Personalized Coupled Tensor Decomposition for Multimodal Data Fusion: Uniqueness and Algorithms

Ricardo Augusto Borsoi,Konstantin Usevich,David Brie,Tülay Adali
DOI: https://doi.org/10.1109/TSP.2024.3510680
2024-12-02
Abstract:Coupled tensor decompositions (CTDs) perform data fusion by linking factors from different datasets. Although many CTDs have been already proposed, current works do not address important challenges of data fusion, where: 1) the datasets are often heterogeneous, constituting different "views" of a given phenomena (multimodality); and 2) each dataset can contain personalized or dataset-specific information, constituting distinct factors that are not coupled with other datasets. In this work, we introduce a personalized CTD framework tackling these challenges. A flexible model is proposed where each dataset is represented as the sum of two components, one related to a common tensor through a multilinear measurement model, and another specific to each dataset.

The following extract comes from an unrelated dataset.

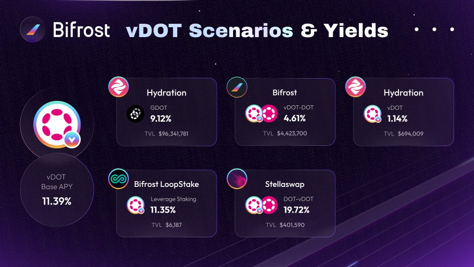 今週のvDOT利回りの更新へようこそ!あなたのリスク許容度に合わせたエキサイティングな機会がいくつかあります。vDOT利回りを最大化するためのさまざまな戦略を見ていきましょう。@hydration\_netの## 1️⃣ GDOT最も簡単に利回りを得る方法の1つは、ほぼすべてのトークンをGDOTにスワップすることです。シンプルな1クリックの利回り獲得戦略を使用すれば、利用可能な魅力的な機会を活用できます。現在、\$vDOT の利回りはGDOT利回りの55%です。## 2️⃣ ビフロストループステークvDOTのステーキング報酬を活用したい方のために、Bifrost LoopStakeはユニークな貸出/借入ループメカニズムを提供します。以下は主な特徴です:* **最大4倍のレバレッジ**: レバレッジを利用してステーキング報酬を増幅させましょう。* **清算なし**:清算リスクがないので、安心してお楽しみください。## 3️⃣ DOT-vDOT LP on @StellaSwap希望する流動性範囲に基づいてLPトークンを作成することで、収益を大幅に向上させることができます。範囲が狭いほど、収益の可能性が高くなります!さらに、\$STELLA をveSTELLAにロックすることで、リターンが大幅に増加し、ガバナンスの決定に対して投票することができます。## 4️⃣ ビフロストファーミング利益を最大化するには、LPを作成し、ファーミングプールに預けるだけです! \$BNC 報酬とスワップ手数料を\$BLP0 トークンの形で獲得できます (DOT-vDOT LPトークン)。---私たちは、これらの戦略をナビゲートするための豊富なチュートリアルを用意しています。Bifrost Support Labのリソースを自由に探索してください。最新情報をお楽しみに、そして幸せな稼ぎを!

Both the common and distinct components are assumed to admit a polyadic decomposition. This generalizes several existing CTD models. We provide conditions for specific and generic uniqueness of the decomposition that are easy to interpret. These conditions employ uni-mode uniqueness of different individual datasets and properties of the measurement model. Two algorithms are proposed to compute the common and distinct components: a semi-algebraic one and a coordinate-descent optimization method. Experimental results illustrate the advantage of the proposed framework compared with the state of the art approaches.
Machine Learning,Signal Processing
What problem does this paper attempt to address?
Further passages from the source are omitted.